Level 2 — Repeatable
Patterns emerge and teams begin capturing what works. There is still variability, but some plays become the default response.
- Posture: Moves from purely reactive to situational awareness when familiar triggers appear.
- Implementation focus: Tactical playbooks emerge around known contexts; experimentation is still limited.
- Mapping & measurement: Simple templates help teams refresh maps; leading indicators (e.g. cycle time, adoption) appear.
- Coordination: Informal communities exchange lessons, seeding cross-team alignment.
- Doctrine emphasis: Embrace basic Use a common language patterns and promote challenging of assumptions.
Level 3 — Defined
Strategy formulation is now intentional. Leadership frames plays around explicit user needs and competitive positioning.
- Posture: Proactive; plans consider multiple scenarios instead of a single heroic bet.
- Implementation focus: Initiatives align to a documented strategy map, with guardrails on scope and expected outcomes.
- Mapping & measurement: Mapping cadences are regular; teams connect map evolution to measurable value and flow metrics.
- Coordination: Cross-functional squads and governance forums coordinate dependencies and sequencing.
- Doctrine emphasis: Doctrine guidance on communication, situational awareness, and challenge becomes institutionalised.
Level 4 — Managed
The organisation orchestrates multiple strategies simultaneously and deliberately reshapes parts of the ecosystem.
- Posture: Anticipatory; leaders look for leverage to influence market evolution, not just respond.
- Implementation focus: Strategies operate as managed programmes with explicit feedback loops and kill criteria.
- Mapping & measurement: Quantitative dashboards combine map maturity, risk signals, and outcome metrics to guide investment.
- Coordination: Company-wide rhythm integrates product, operations, and enabling teams; doctrine informs decision rights.
- Doctrine emphasis: Advanced doctrine such as bias towards action, optimise flow, and design for constant evolution is actively coached.
Level 5 — Optimising
Strategy execution is a learning system.

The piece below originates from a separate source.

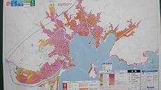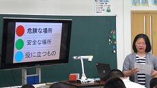 はじめにDVDを見て津波や豪雨による河川の氾濫、土砂災害について学習しました。その後、担当の先生が門川町の浸水マップや土砂災害危険区域を大まかに示し、自分たちが住んでいる危険な場所を調べ、それを書いた付箋を地図に貼り付けていきました。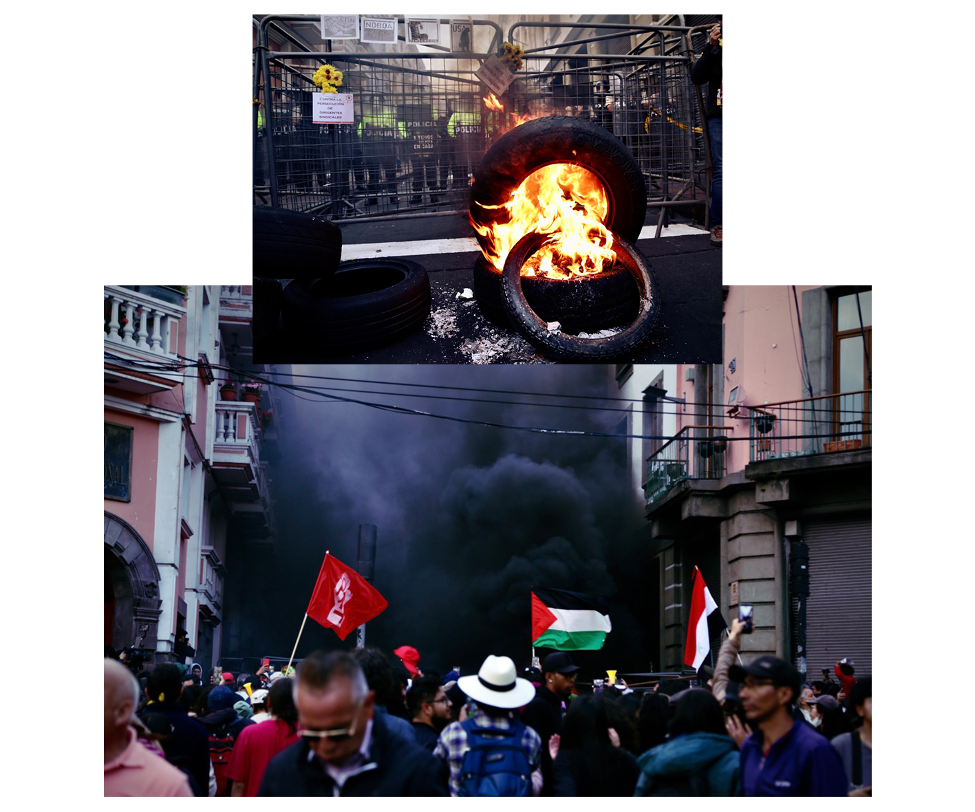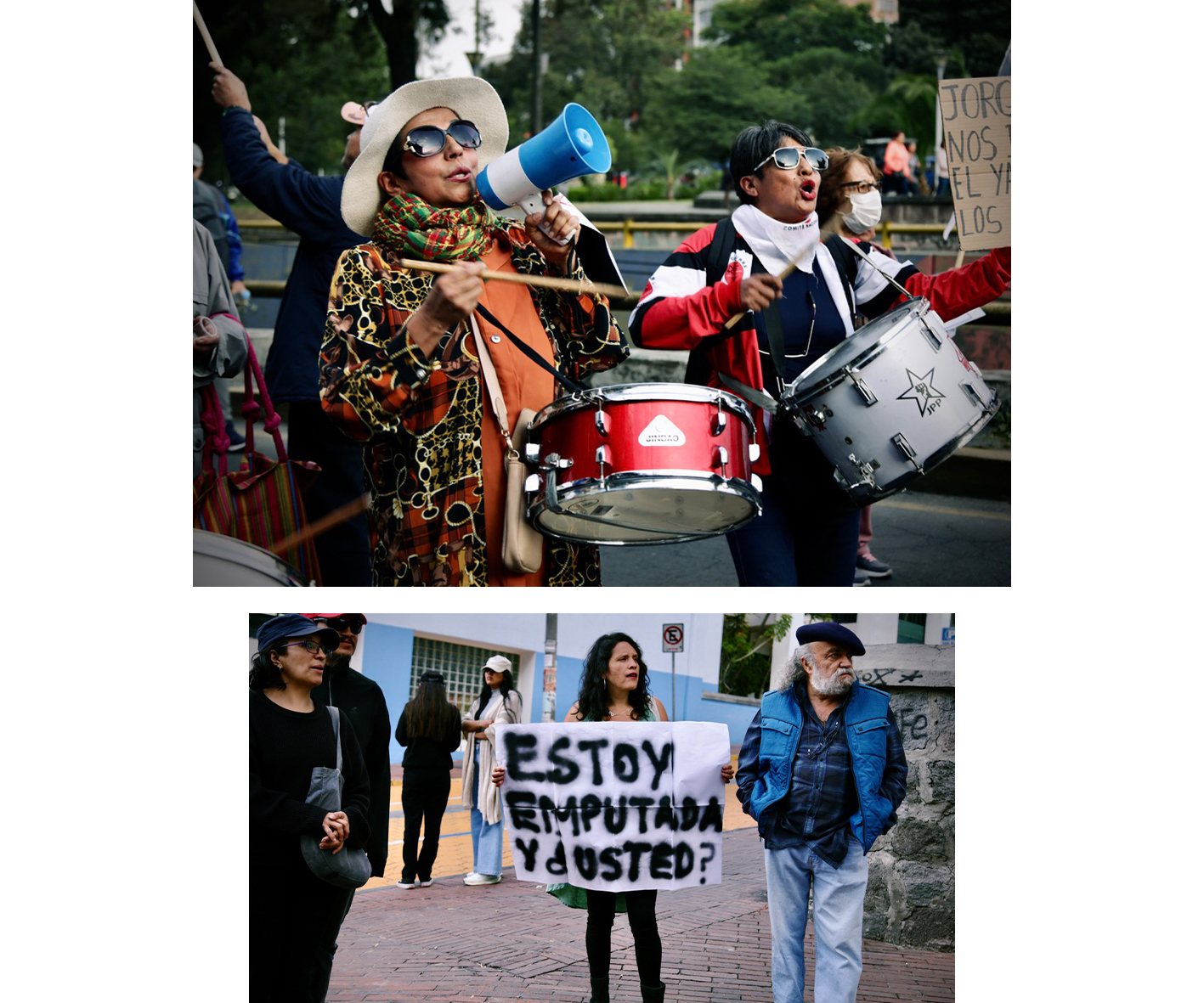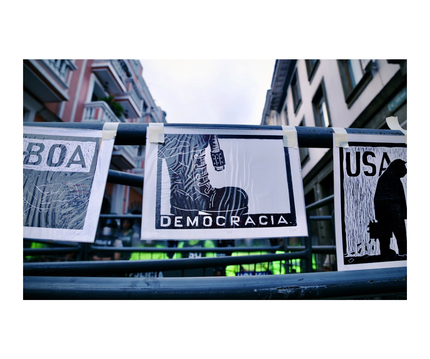 Con la memoria viva, el descontento se hizo sentir fuertemente a lo largo de la extensa marcha que ocupó varias cuadras hasta la plaza de Santo Domingo donde, con nuevas municiones, las fuerzas de represión dispersaron a la gente arremetiendo contra manifestantes y llevando a cabo detenciones violentas y arbitrarias.

Doctrine and data create a virtuous cycle of insight, experimentation, and advantage.
- Posture: Fully proactive; the organisation constantly probes, learns, and refines its portfolio of plays.
- Implementation focus: Strategies are modular and recombined rapidly based on signals from maps and experiments.
- Mapping & measurement: Live mapping integrates telemetry, market sensing, and financials; experiments feed back automatically.
- Coordination: Coordination extends across partners, suppliers, and ecosystems with shared strategy cadences.
- Doctrine emphasis: Continuous improvement doctrine is pervasive; leaders cultivate autonomy with alignment and remove inertia deliberately.
Applying the Model
- Diagnose your current level. Use recent strategic initiatives to identify which row of the table resonates. Look for evidence in how decisions were made, not how you wish they were made.
- Spot the next constraint. For each dimension—posture, implementation, mapping, coordination—note the smallest practice that would unlock the next level.
- Pair with assessments. When exploring a specific gameplay, use the Strategy Self-Assessment Tool to test whether the required map signals and readiness practices are in place. The maturity level highlights why certain statements are difficult to satisfy.
- Anchor in doctrine. Revisit relevant Doctrine principles to reinforce behaviours that sustain the new maturity level.
- Review quarterly. Treat maturity as a dynamic capability; adjust as teams, leadership, and the competitive landscape evolve.
Simplified Three-Stage View
When communicating with stakeholders who prefer fewer categories, collapse the model into:
- Awareness: Combines Levels 1–2. The organisation recognises Wardley Mapping concepts and begins to reuse practices, but discipline is inconsistent.
- Application: Corresponds to Levels 3–4. Strategy plays are deliberate, measured, and coordinated across teams.
- Mastery: Mirrors Level 5. Doctrine, mapping, and measurement form an adaptive system that continually improves strategic advantage.
Use the simplified view for executive storytelling, then return to the five-level model to plan concrete improvements.